▶ [Exercise aim] Pictures are to be dropped from the copy. Retype the listing exactly.

START Provided material

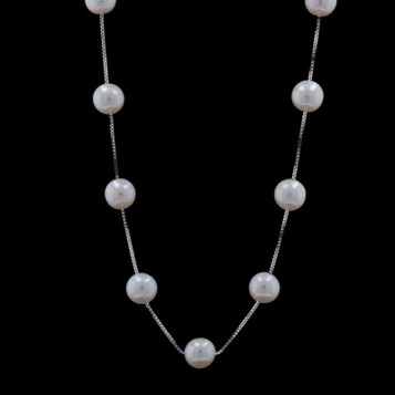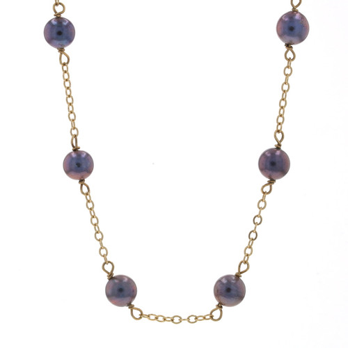 Yellow Gold Cultured Freshwater Pearl Chain Station Necklace 17" - 14k Dyed
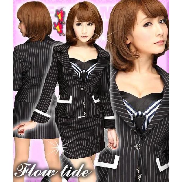 キャバ嬢 スーツ キャバ スーツ Flowtide フロータイド マイクロミニスーツ レディース ジャケット インナー スカート 3点セット ストライプ柄を組み合わせたスレンダースタイル インナーパンツ付きスーツセ F 611 Ar Rv N S 小さいサイズ M キャバ
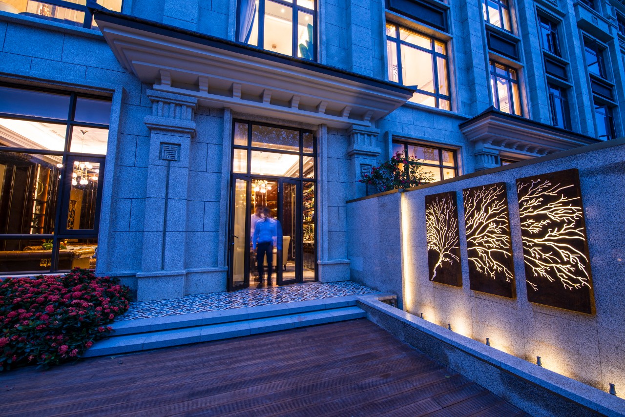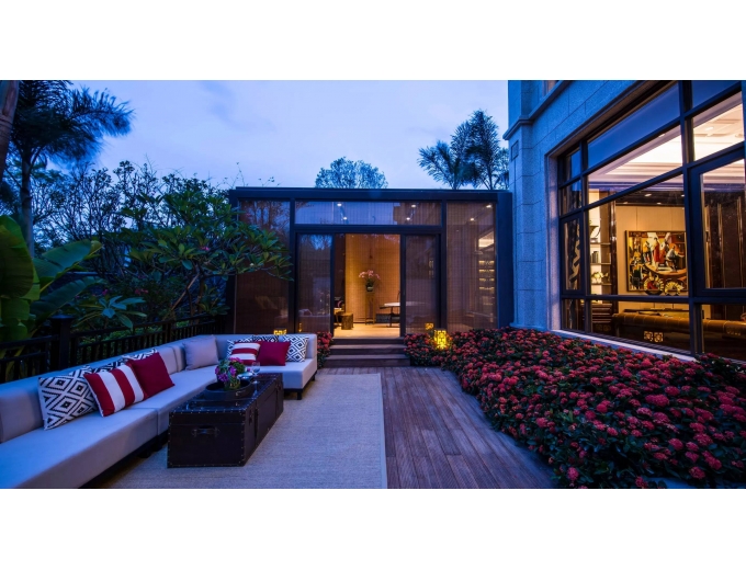 南庭院与室内红酒雪茄空间连接,庭院延续室内空间设置户外品酒空间,随着流水景墙的艺术灯光和音乐,靠在沙发上品酒、聊天、观星,别有格调。
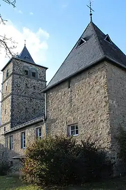 Der in etwa geostete Saalbau ist im alten Ortszentrum an einer Kreuzung errichtet. Während die Mauern des Ostturms und des alten Kirchenschiffs aus unverputztem Bruchsteinmauerwerk aus Grauwacke aufgeführt sind, sind der Westturm und das neue Kirchenschiff aus Backstein und Porenbeton mit einer Verkleidung aus Bruchstein erbaut.[1]
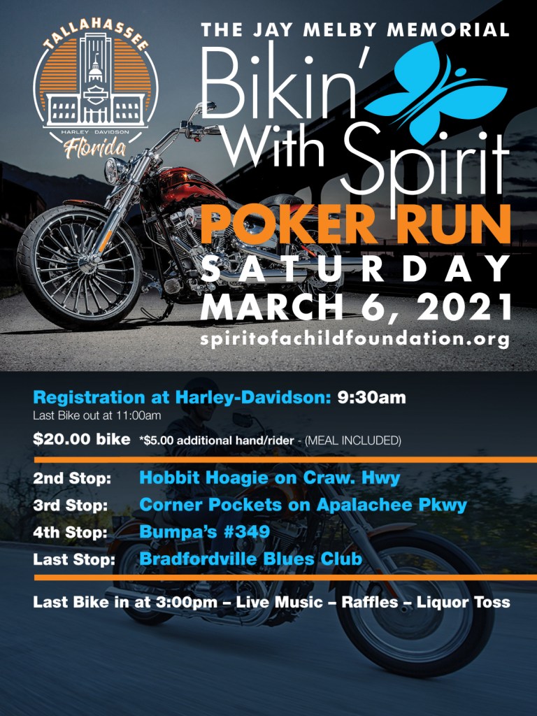 Welcome to the 2nd Annual “Jay Melby Bikin’ With Spirit Poker Run” in partnership with Harley Davidson Motorcycles of Gainesville and Tallahassee. The Spirit of a Child Foundation is dedicating this run to Jay, his love for motorcycles and his love for being there for others. We want all participants to “Catch the Spirit” and have a great time! Just remember most of all — stay safe and thank you for helping our foundation make a difference.
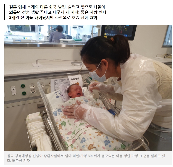 어린 생명이 살기 위해 발버둥 치는 칠곡 경북대병원 신생아 중환자실. 온몸에 기계를 잔뜩 단 신생아들 사이로 한 아이의 거친 울음소리가 들려왔다. 아이의 입에선 흰색 거품이 연거푸 쏟아져 나왔다. 아이의 구토를 닦아내는 간호사 옆으로 엄마 리엔(가명‧30) 씨가 발을 동동 구르던 중이었다. 엄마는 아이의 배를 쓰다듬어 보지만 울음은 좀처럼 그칠 줄 몰랐다. 10여 분이 지났을까. 리엔 씨의 이마에 한 방울의 땀이 흘러내렸다. 어미의 애타는 마음이 가득 서린 땀방울이었다.

END Provided material

▶ [Finished exercise]
 Yellow Gold Cultured Freshwater Pearl Chain Station Necklace 17" - 14k Dyed
 キャバ嬢 スーツ キャバ スーツ Flowtide フロータイド マイクロミニスーツ レディース ジャケット インナー スカート 3点セット ストライプ柄を組み合わせたスレンダースタイル インナーパンツ付きスーツセ F 611 Ar Rv N S 小さいサイズ M キャバ
 南庭院与室内红酒雪茄空间连接,庭院延续室内空间设置户外品酒空间,随着流水景墙的艺术灯光和音乐,靠在沙发上品酒、聊天、观星,别有格调。
 Der in etwa geostete Saalbau ist im alten Ortszentrum an einer Kreuzung errichtet. Während die Mauern des Ostturms und des alten Kirchenschiffs aus unverputztem Bruchsteinmauerwerk aus Grauwacke aufgeführt sind, sind der Westturm und das neue Kirchenschiff aus Backstein und Porenbeton mit einer Verkleidung aus Bruchstein erbaut.[1]
 Welcome to the 2nd Annual “Jay Melby Bikin’ With Spirit Poker Run” in partnership with Harley Davidson Motorcycles of Gainesville and Tallahassee. The Spirit of a Child Foundation is dedicating this run to Jay, his love for motorcycles and his love for being there for others. We want all participants to “Catch the Spirit” and have a great time! Just remember most of all — stay safe and thank you for helping our foundation make a difference.
 어린 생명이 살기 위해 발버둥 치는 칠곡 경북대병원 신생아 중환자실. 온몸에 기계를 잔뜩 단 신생아들 사이로 한 아이의 거친 울음소리가 들려왔다. 아이의 입에선 흰색 거품이 연거푸 쏟아져 나왔다. 아이의 구토를 닦아내는 간호사 옆으로 엄마 리엔(가명‧30) 씨가 발을 동동 구르던 중이었다. 엄마는 아이의 배를 쓰다듬어 보지만 울음은 좀처럼 그칠 줄 몰랐다. 10여 분이 지났을까. 리엔 씨의 이마에 한 방울의 땀이 흘러내렸다. 어미의 애타는 마음이 가득 서린 땀방울이었다.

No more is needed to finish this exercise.